**What is needed**
Omit every picture and return the rest of the data unaltered.

**Collected data**
▶

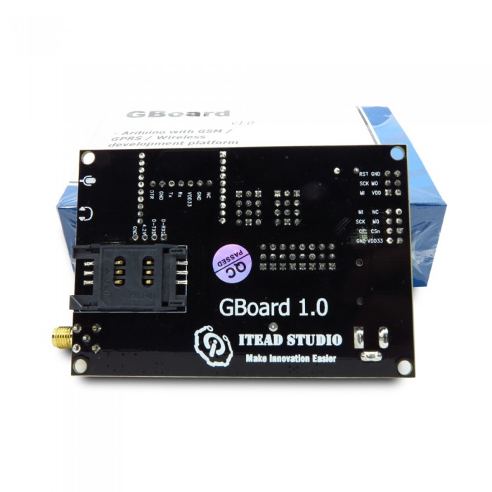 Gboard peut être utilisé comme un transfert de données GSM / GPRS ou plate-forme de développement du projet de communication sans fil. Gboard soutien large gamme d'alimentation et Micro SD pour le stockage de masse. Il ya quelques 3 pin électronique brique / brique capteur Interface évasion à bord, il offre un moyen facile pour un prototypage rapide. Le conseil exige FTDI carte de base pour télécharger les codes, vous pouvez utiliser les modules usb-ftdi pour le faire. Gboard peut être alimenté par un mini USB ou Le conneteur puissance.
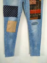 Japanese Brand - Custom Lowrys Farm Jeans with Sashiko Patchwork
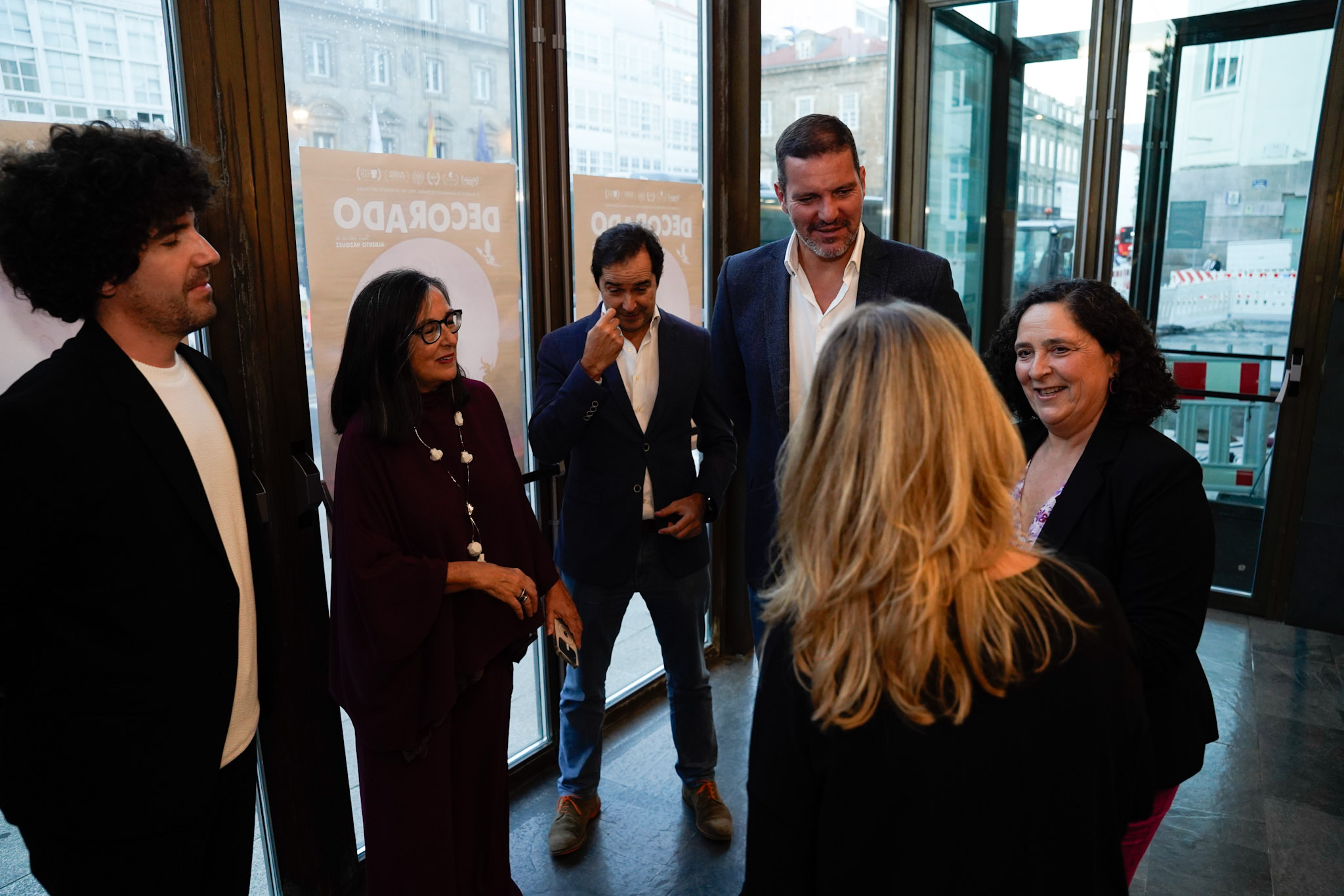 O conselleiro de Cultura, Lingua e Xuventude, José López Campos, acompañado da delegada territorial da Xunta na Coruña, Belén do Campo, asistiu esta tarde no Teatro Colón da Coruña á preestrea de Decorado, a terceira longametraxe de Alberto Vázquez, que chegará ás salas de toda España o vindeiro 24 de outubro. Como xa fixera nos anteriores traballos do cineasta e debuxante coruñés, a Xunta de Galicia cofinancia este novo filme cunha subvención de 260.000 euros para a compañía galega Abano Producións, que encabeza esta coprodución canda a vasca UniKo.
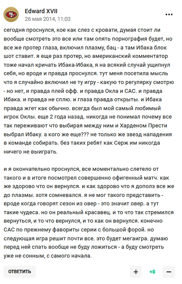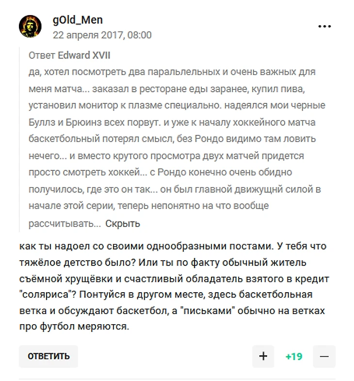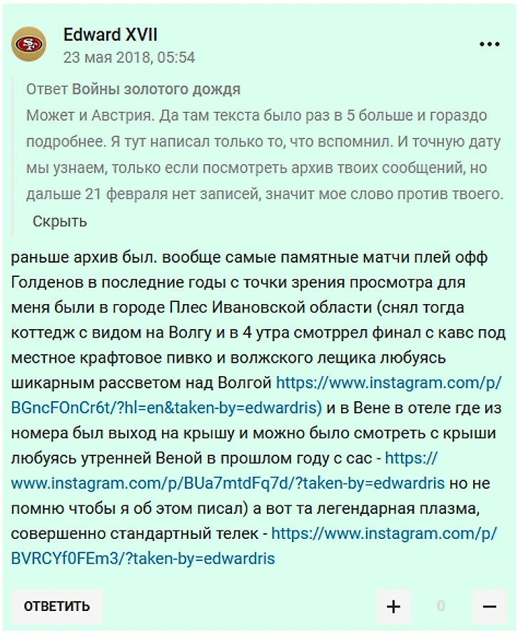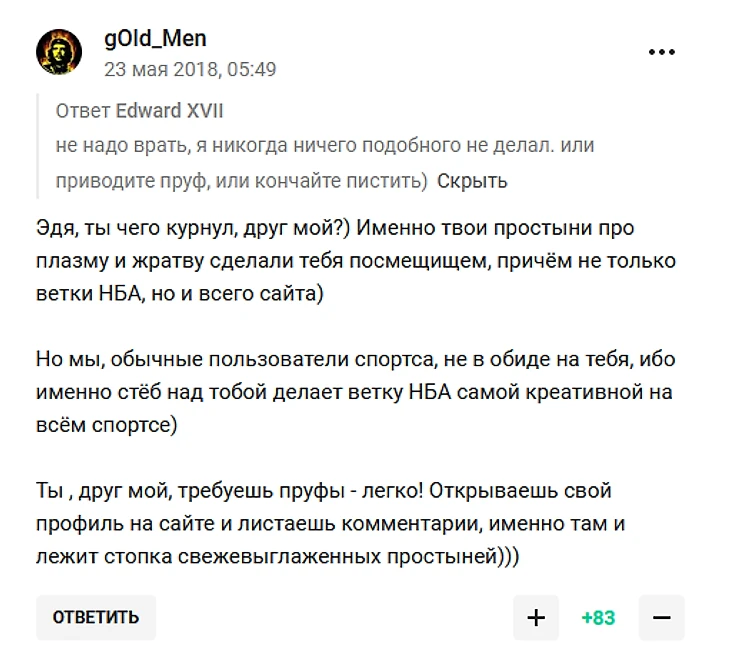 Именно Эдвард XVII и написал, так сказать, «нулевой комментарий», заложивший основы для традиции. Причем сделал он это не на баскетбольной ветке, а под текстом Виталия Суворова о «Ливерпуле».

◀

**Answer section**
 Gboard peut être utilisé comme un transfert de données GSM / GPRS ou plate-forme de développement du projet de communication sans fil. Gboard soutien large gamme d'alimentation et Micro SD pour le stockage de masse. Il ya quelques 3 pin électronique brique / brique capteur Interface évasion à bord, il offre un moyen facile pour un prototypage rapide. Le conseil exige FTDI carte de base pour télécharger les codes, vous pouvez utiliser les modules usb-ftdi pour le faire. Gboard peut être alimenté par un mini USB ou Le conneteur puissance.
 Japanese Brand - Custom Lowrys Farm Jeans with Sashiko Patchwork
 O conselleiro de Cultura, Lingua e Xuventude, José López Campos, acompañado da delegada territorial da Xunta na Coruña, Belén do Campo, asistiu esta tarde no Teatro Colón da Coruña á preestrea de Decorado, a terceira longametraxe de Alberto Vázquez, que chegará ás salas de toda España o vindeiro 24 de outubro. Como xa fixera nos anteriores traballos do cineasta e debuxante coruñés, a Xunta de Galicia cofinancia este novo filme cunha subvención de 260.000 euros para a compañía galega Abano Producións, que encabeza esta coprodución canda a vasca UniKo.
 Именно Эдвард XVII и написал, так сказать, «нулевой комментарий», заложивший основы для традиции. Причем сделал он это не на баскетбольной ветке, а под текстом Виталия Суворова о «Ливерпуле».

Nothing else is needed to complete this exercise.